[Start of Attachment]

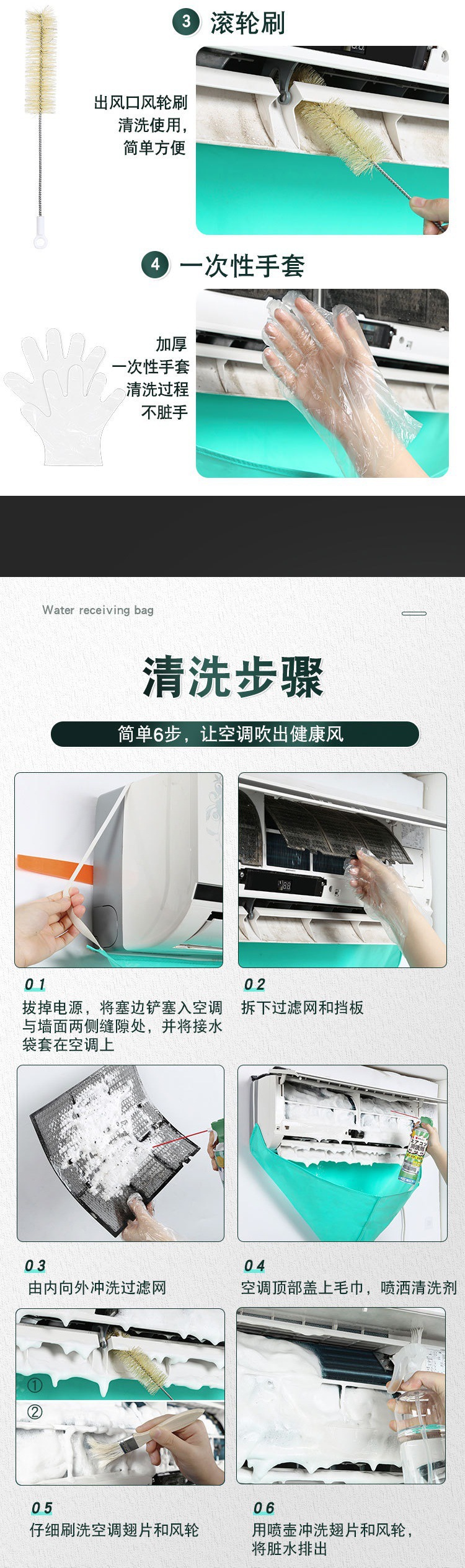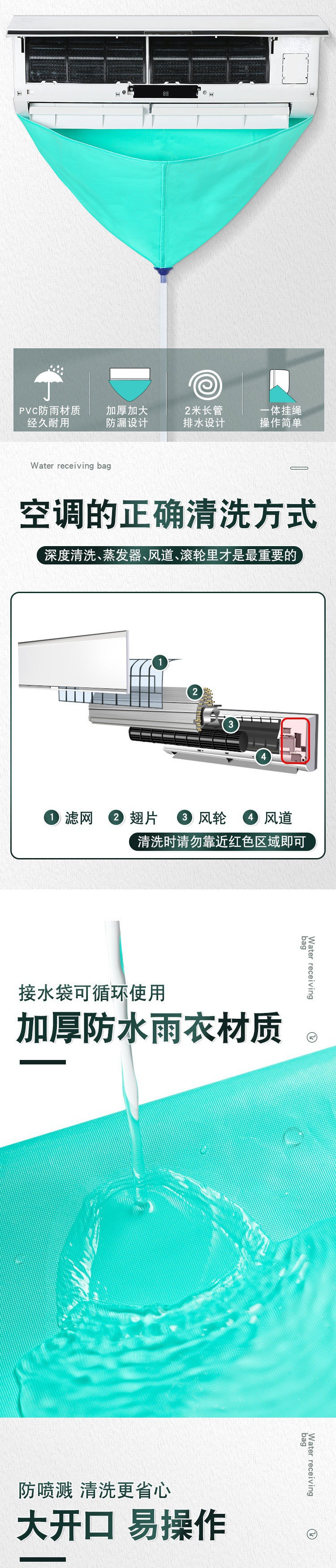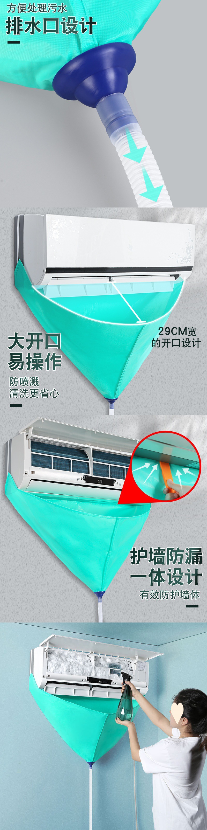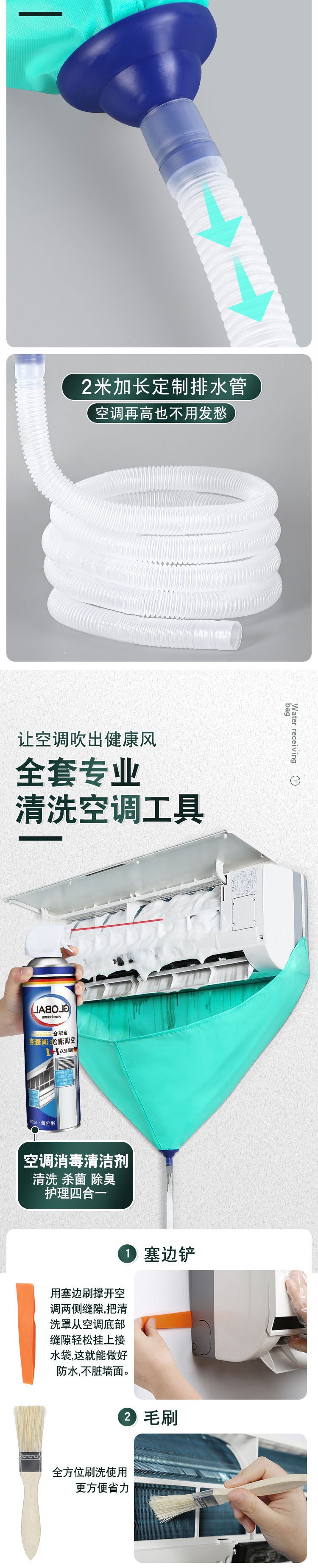 Комплект чистящих средств для кондиционеров без разборки, водонепроницаемая крышка, полный набор инструментов, водяная сумка для внутренних и внешних блоков, универсальный комплект очистки
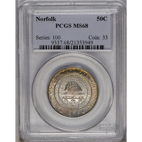 <B>1936<50C> Norfolk MS68 PCGS.</B></I> This is a gorgeous Superb MS68 example and it is tied for the finest certified by either PCGS or NGC. Each side has lustrous pewter-gray color at the centers, giving way to peripheral gold, rose, and champagne toning.
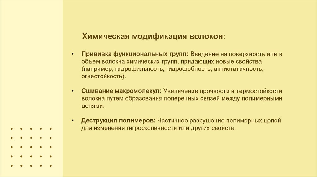 Химическая модификация волокон:Прививка функциональных групп: Введение на поверхность или в
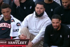 在比賽中,狄龍和在替補席上的范弗里特互動,后者說道:“40分,你有得過40分嗎?讓我見識一次,讓我們看看。”
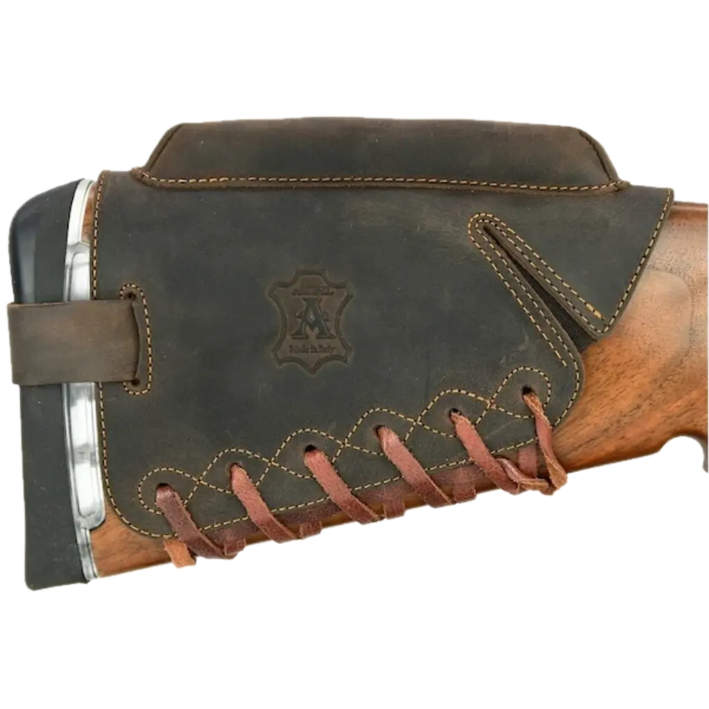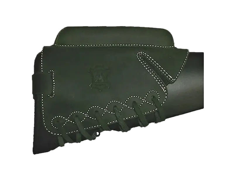 Skórzana osłona kolby z podwyższającą poduszką policzkową. Do użytku z celownikami optycznymi. Możliwość dostosowania do każdego rozmiaru kolby. Przed zsunięciem zabezpieczona skórzanym paskiem przesuwanym przez klamrę. Z wodoodpornym wykończeniem, skóra nubuk. Dostępne z trzema wysokościami poduszki policzkowej.
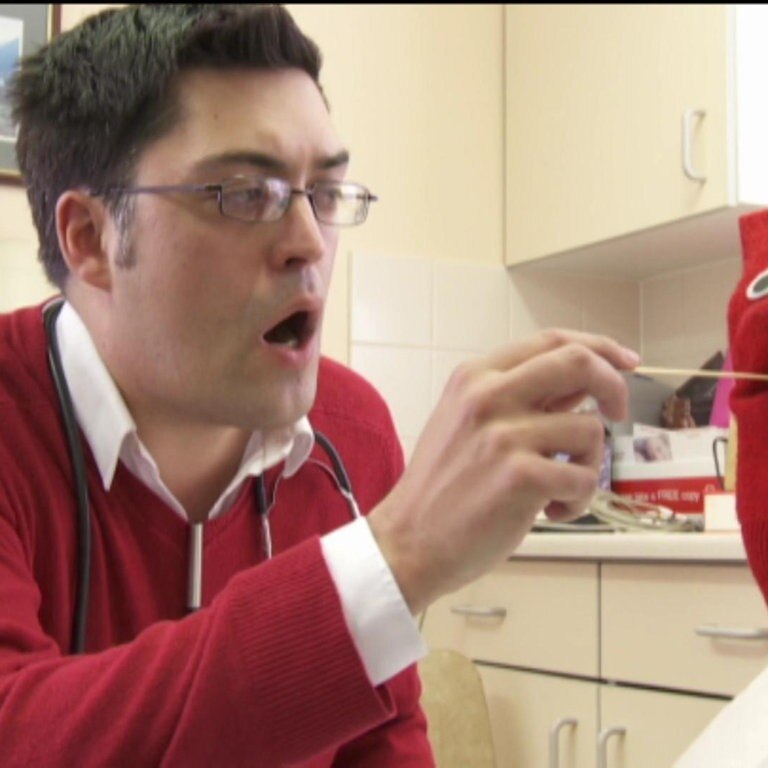 L: "Open your mouth, please. Stick out your tongue… . And say 'ahhhhh'. Follow my finger with your eyes. Lift up your arm, please."

[End of Attachment]

### AIM OF THE EXERCISE
Should a record include a picture, drop the picture and write out the remainder exactly.

### SOLUTION TO THE PROBLEM
 Комплект чистящих средств для кондиционеров без разборки, водонепроницаемая крышка, полный набор инструментов, водяная сумка для внутренних и внешних блоков, универсальный комплект очистки
 <B>1936<50C> Norfolk MS68 PCGS.</B></I> This is a gorgeous Superb MS68 example and it is tied for the finest certified by either PCGS or NGC. Each side has lustrous pewter-gray color at the centers, giving way to peripheral gold, rose, and champagne toning.
 Химическая модификация волокон:Прививка функциональных групп: Введение на поверхность или в
 在比賽中,狄龍和在替補席上的范弗里特互動,后者說道:“40分,你有得過40分嗎?讓我見識一次,讓我們看看。”
 Skórzana osłona kolby z podwyższającą poduszką policzkową. Do użytku z celownikami optycznymi. Możliwość dostosowania do każdego rozmiaru kolby. Przed zsunięciem zabezpieczona skórzanym paskiem przesuwanym przez klamrę. Z wodoodpornym wykończeniem, skóra nubuk. Dostępne z trzema wysokościami poduszki policzkowej.
 L: "Open your mouth, please. Stick out your tongue… . And say 'ahhhhh'. Follow my finger with your eyes. Lift up your arm, please."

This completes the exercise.